Thais shuddered and paled. “You are not from Keoss, Cleophrades. You are an Athenian.”
“I am from Keoss. Attica is my second homeland. And my island is really not that far from Sunion, where the famous temple with seven columns is raised to the sky over the sheer marble drops eight hundred elbows tall. Since childhood, it became for me a symbol of spiritual heights reached by the creators of the art of Attica. When I came to Sunion, I saw the spear and the crest on the helm of Athena Promakhos. The bronze Maiden twenty elbows tall stood on a huge pedestal at the Acropolis between Propyleus and Erekhteyon. I sailed to her call and saw her, proud and strong, with slender neck and high, prominent breasts. That was the image of a woman that enchanted me forever. And that was how I became an Athenian. None of it matters anymore. The future will meet the past, and that is why you must dance for me.”
Thais, obedient model that she was, improvised complex dances of the highest skill level, in which a woman’s body transformed and granted a dream after dream, a legend after legend. In the end, Thais was exhausted.
“As I watched you,” Cleophrades said, “I was reminded of your Athenian nickname. You are not only a Fourth Kharita, but you were also called Euryale, or Storm. Let Eris take your place.”
At Cleophrades’ sign, Eris danced as she had before the Indian artists. When the black priestess froze in the last pose and Ehephilos wrapped a light cape around her body, Cleophrades rose, holding a large golden goblet.
“I have turned sixty years old, and I cannot do more than my last Anadiomena. I cannot love women, I cannot enjoy travel, sea-bathing, good food or loud singing. Ahead of me is a spiritually deprived, miserable life. We Keossians have long since forbidden that a man should live that way, for he must only live in a worthy fashion. I thank you, my friends, who came to honor me in my last hour. Rejoice, rejoice all, and you, splendid Thais. How I would have wanted to love you. Forgive me, but I cannot. Lysippus will take care of the statue. I gave it to him. And let me embrace you, my godlike friend.”
Lysippus put his arms around the sculptor, not hiding the tears in his eyes.

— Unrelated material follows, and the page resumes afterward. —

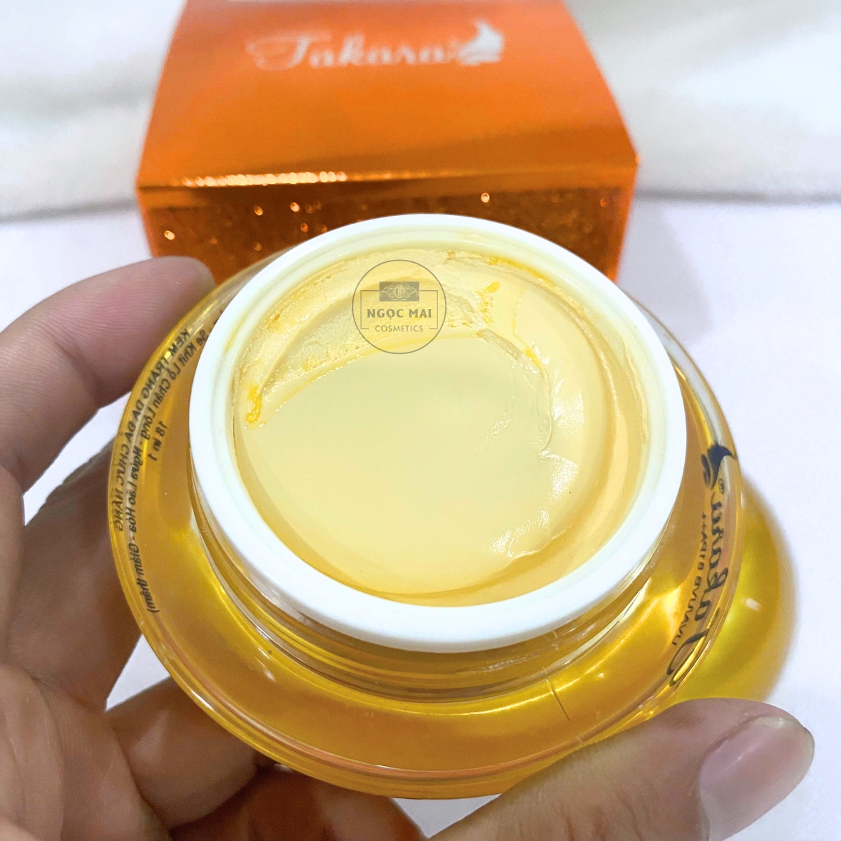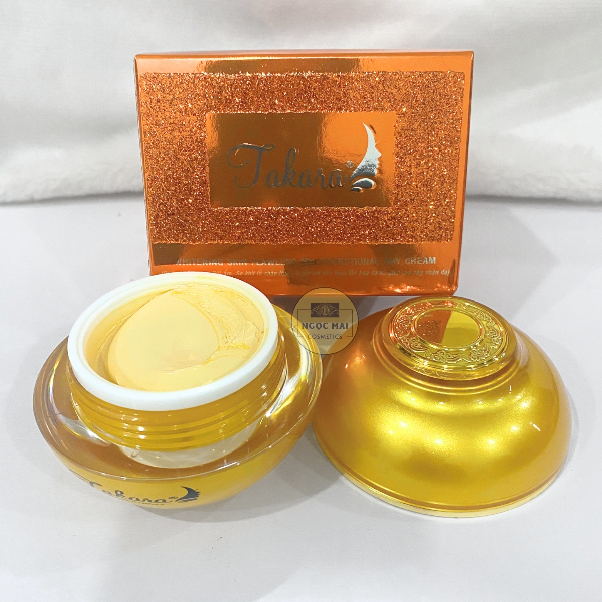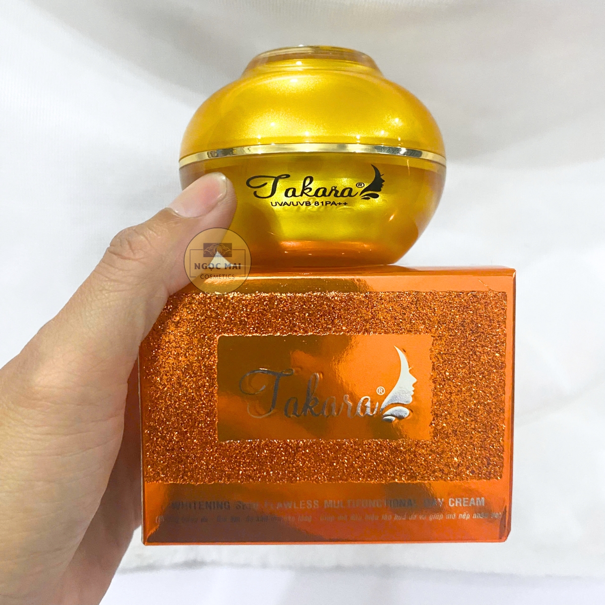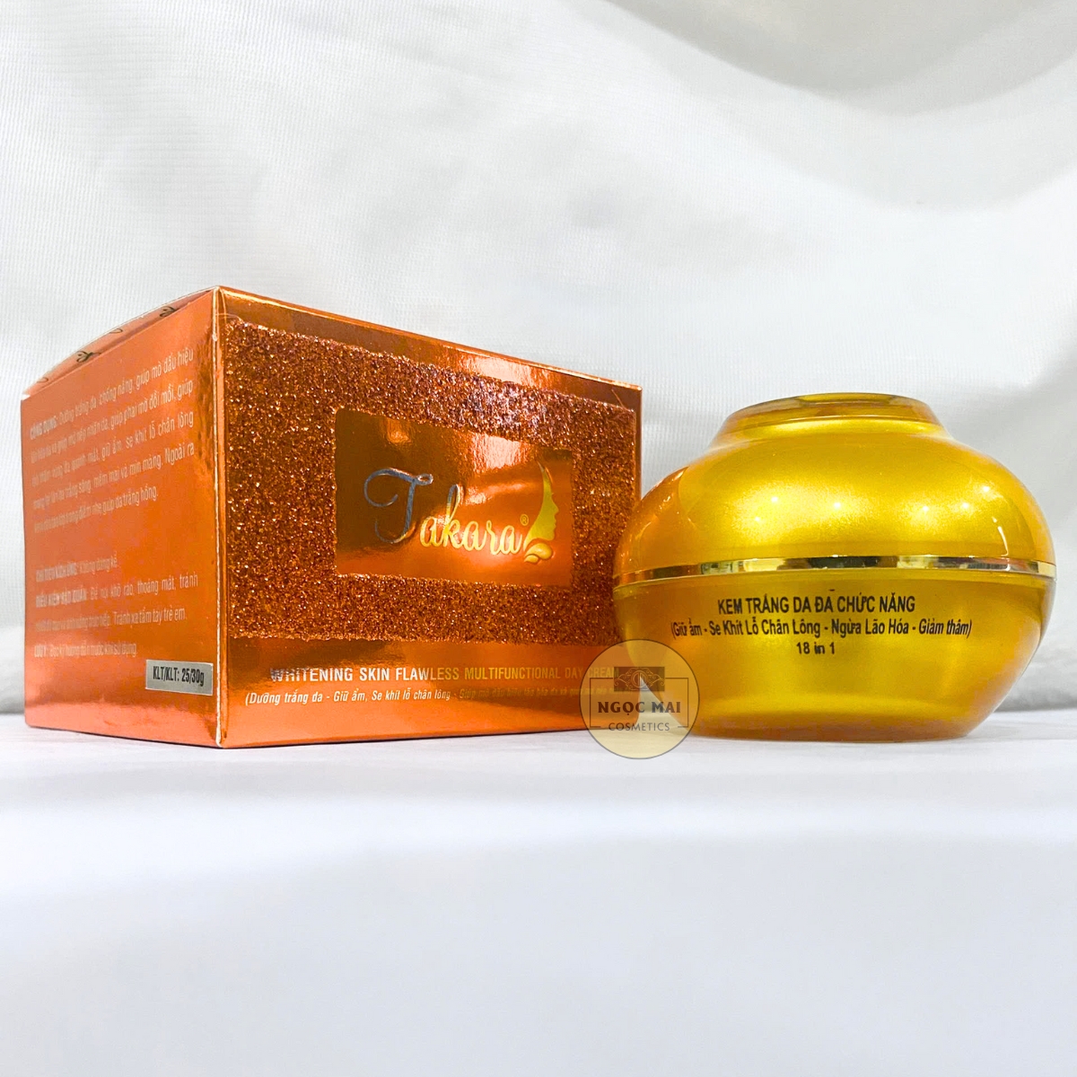 CÔNG DỤNG: Kem dưỡng trắng da đa chức năng 18 in 1 TAKARA được phối chế từ các loại thảo mộc thiên nhiên lành tính cho da nhạy cảm. Kem với các thành phần sát khuẩn hỡ trợ điều trị mụn, ngăn ngừa vi khuẩn gây mụn. Kết hợp với các thành phần làm mờ thâm nám, tàn nhang, đồi mồi một cách hiệu quả. Kem cung cấp nước giúp giữ ẩm cho da, làm săn chắc da và se khít lỗ chân lông. Ngăn ngừa lão hóa da. Kem có khả năng chống nắng tốt, có thể sử dụng thay cho kem chống nắng. Kích thích quá trình sản sinh ra collagen nuôi dưỡng và phục hồi da tổn thương đòng thời bảo vệ da khỏi tác nhân bên ngoài. Đem đến cho bạn một làn da trắng đep như mong đợi.

Cleophrades stepped back and raised his goblet. At the same time, all others raised their cups, filled with life-giving wine. So did Thais. Only Hesiona remained motionless, observing the scene with horror in her wide eyes. Eris watched the Athenian’s every movement in admiration and shock.
Tipping his head back, Cleophrades downed the poison, faltered, then straightened out, leaning against Lysippus’ shoulder. The goblet rang as it fell on the ground. The other guests drank their cups and threw them as well, shattering glass, china and clay. The pieces would be placed under the tombstone.
“Haire! Easy sailing across the river. Our memories are with you, Cleophrades!” everyone exclaimed.
The sculptor, his face gray and his lips trembling, made one last tremendous effort. He smiled broadly, gazed into the darkness of Hades before him, and collapsed.
At that moment, or so it seemed to Thais, the sun vanished behind the mountain range. Light summer twilight fell upon the silent group of people.
There were two physicians among the guests. They examined Cleophrades and placed him on a stretcher. The others placed a wreath on his head, crowning him as a victor in a competition. Had he not walked victoriously along the difficult path of his life? In the light of torches and the moon, the sculptor was carried to the Helenian and Macedonian cemetery.
High above the city in a juniper grove, low trees shed their bronze-like needles over a few graves. The Athenian sculptor had asked in advance that he be buried rather than arranging a funeral pyre. The grave had already been prepared and was covered with a temporary slab until the friends of the late sculptor, other sculptors, could design and build another tombstone.